Exercise: With pictures left out, copy exactly every line from the one containing "Nas aulas de" through the end of the material.

Recorded data:
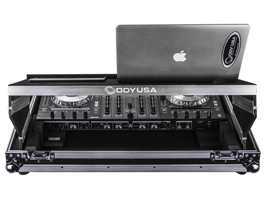 Configured with Angled Panels attached. Denon MC7000, Tracktor Maschine Studio, and tablet not inlcuded with case. Removable case lid not shown.
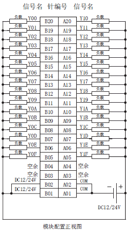 公共端方式:32点1公共端(公共端端子:A01、A02)
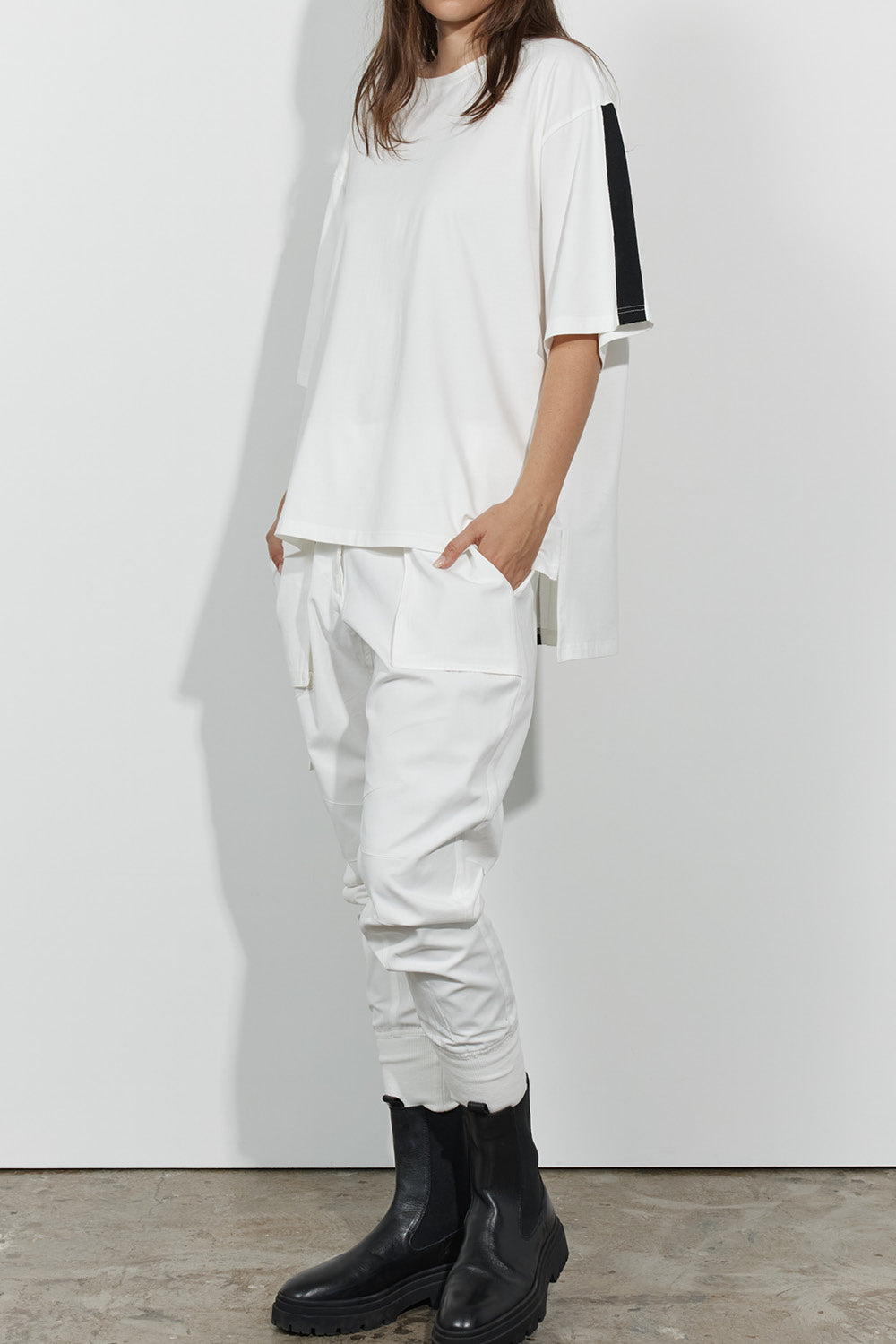 Where effortless comfort meets modern design, the Core Tee by Dref by D brings a fresh, architectural twist to your everyday wardrobe. Crafted from a premium stretch cotton blend, it drapes in a relaxed, boxy shape that feels easy while still holding a clean, structured line. Contrast strap detailing traces the back and sides for a subtle hit of edge, giving the silhouette depth and interest without overwhelming its simplicity.
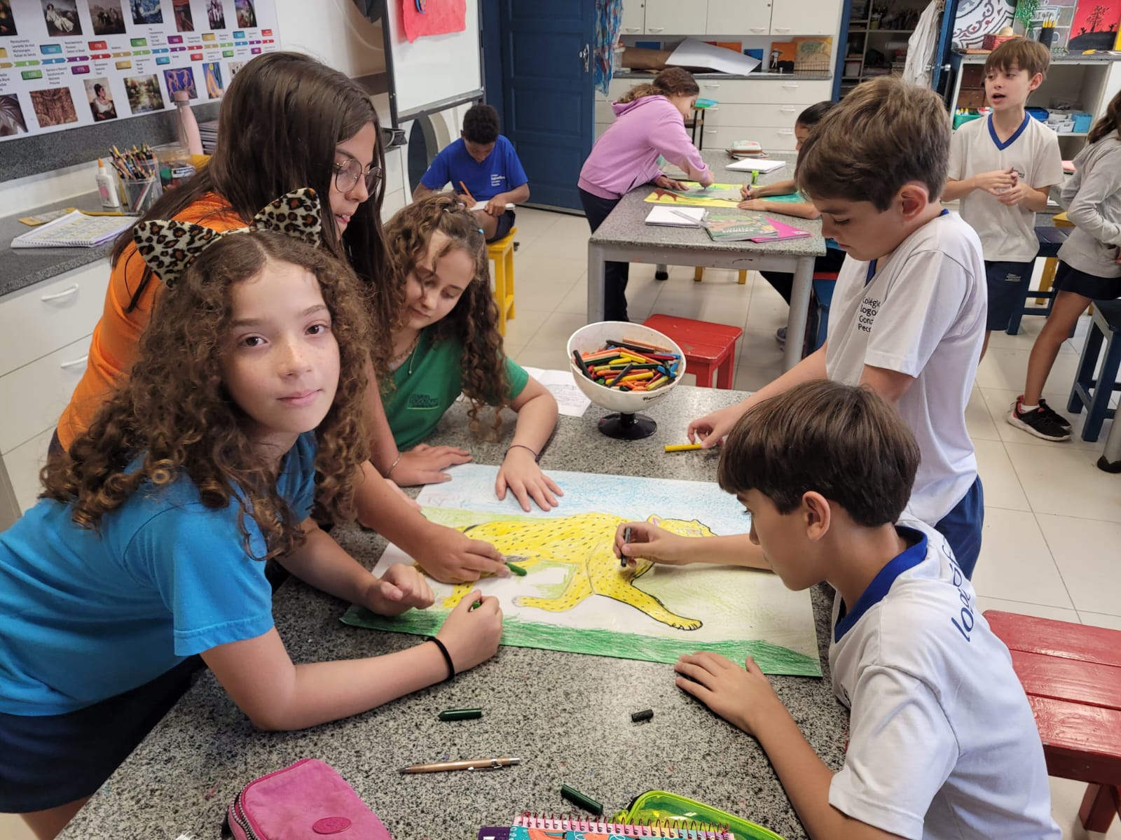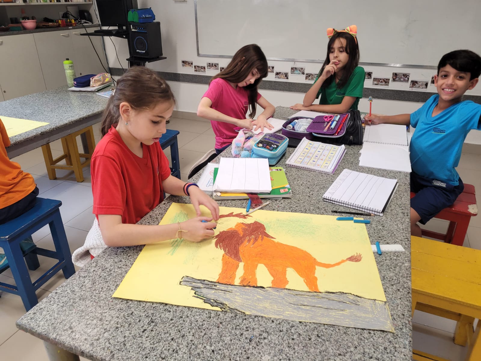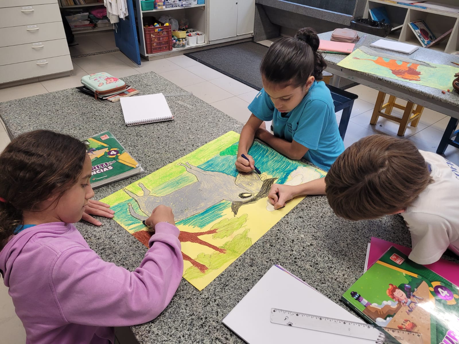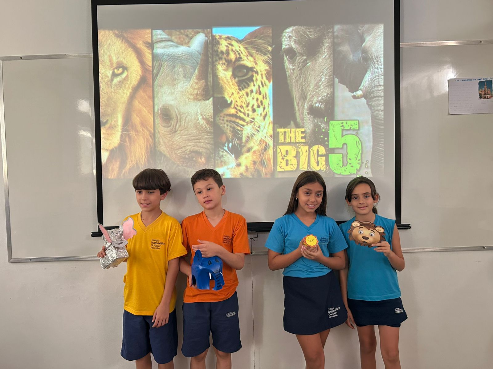 Nas aulas de Inglês, em parceria com Artes, as professoras Alice Fajardo e Thaís Costa conduziram o estudo “THE BIG FIVE” — os cinco grandes animais da África, conhecidos por serem os mais difíceis e perigosos de se caçar!
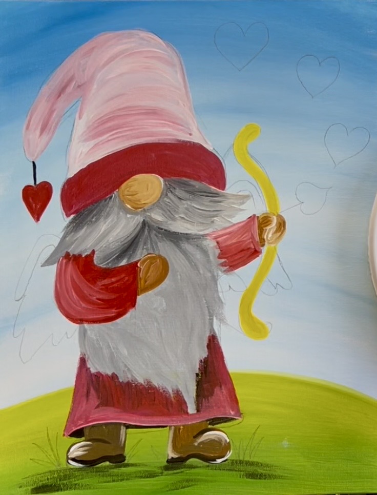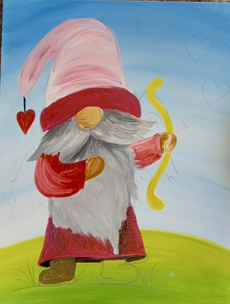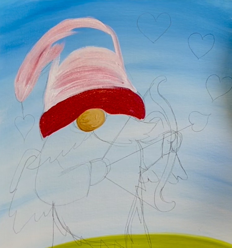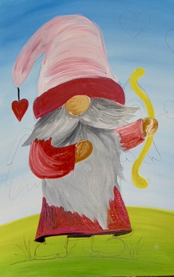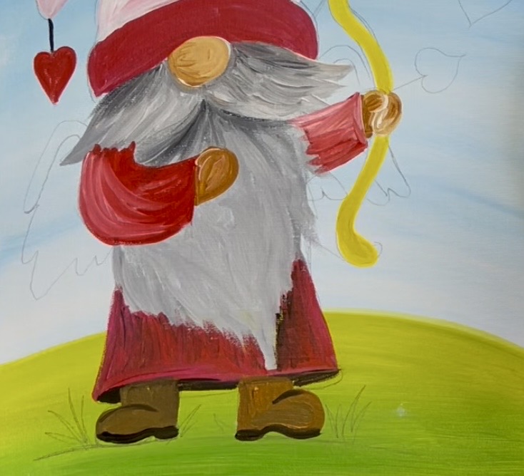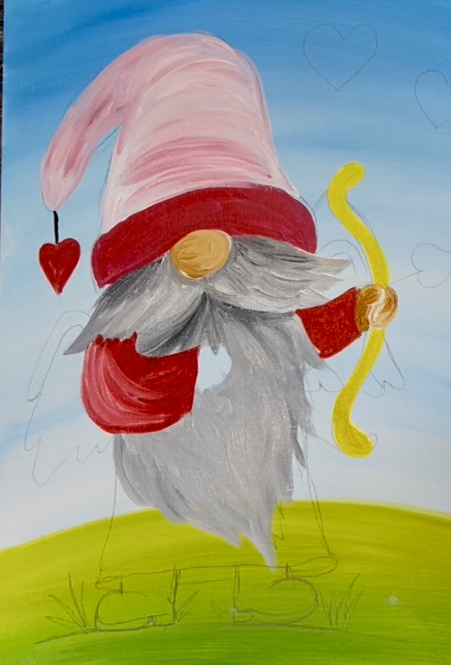 Learn how to paint a cupid gnome with acrylics on canvas.
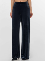 Брюки прямого силуэта, зауженные книзу из костюмной ткани. На передней части брюк застрочены стрелки. Пояс притачной с эластичной резиной.
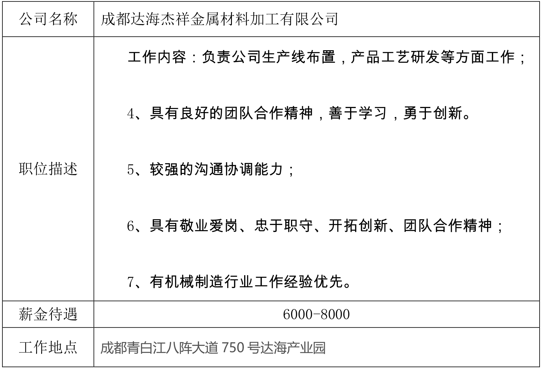 就业创业中心20190541发布-成都达海杰祥金属材料加工有限公司
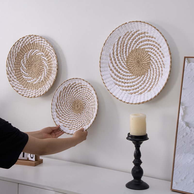 跨境手工编织墙饰客厅卧室挂墙装饰托盘墙面编织装饰外贸批发挂饰

Solution:
 Nas aulas de Inglês, em parceria com Artes, as professoras Alice Fajardo e Thaís Costa conduziram o estudo “THE BIG FIVE” — os cinco grandes animais da África, conhecidos por serem os mais difíceis e perigosos de se caçar!
 Learn how to paint a cupid gnome with acrylics on canvas.
 Брюки прямого силуэта, зауженные книзу из костюмной ткани. На передней части брюк застрочены стрелки. Пояс притачной с эластичной резиной.
 就业创业中心20190541发布-成都达海杰祥金属材料加工有限公司
 跨境手工编织墙饰客厅卧室挂墙装饰托盘墙面编织装饰外贸批发挂饰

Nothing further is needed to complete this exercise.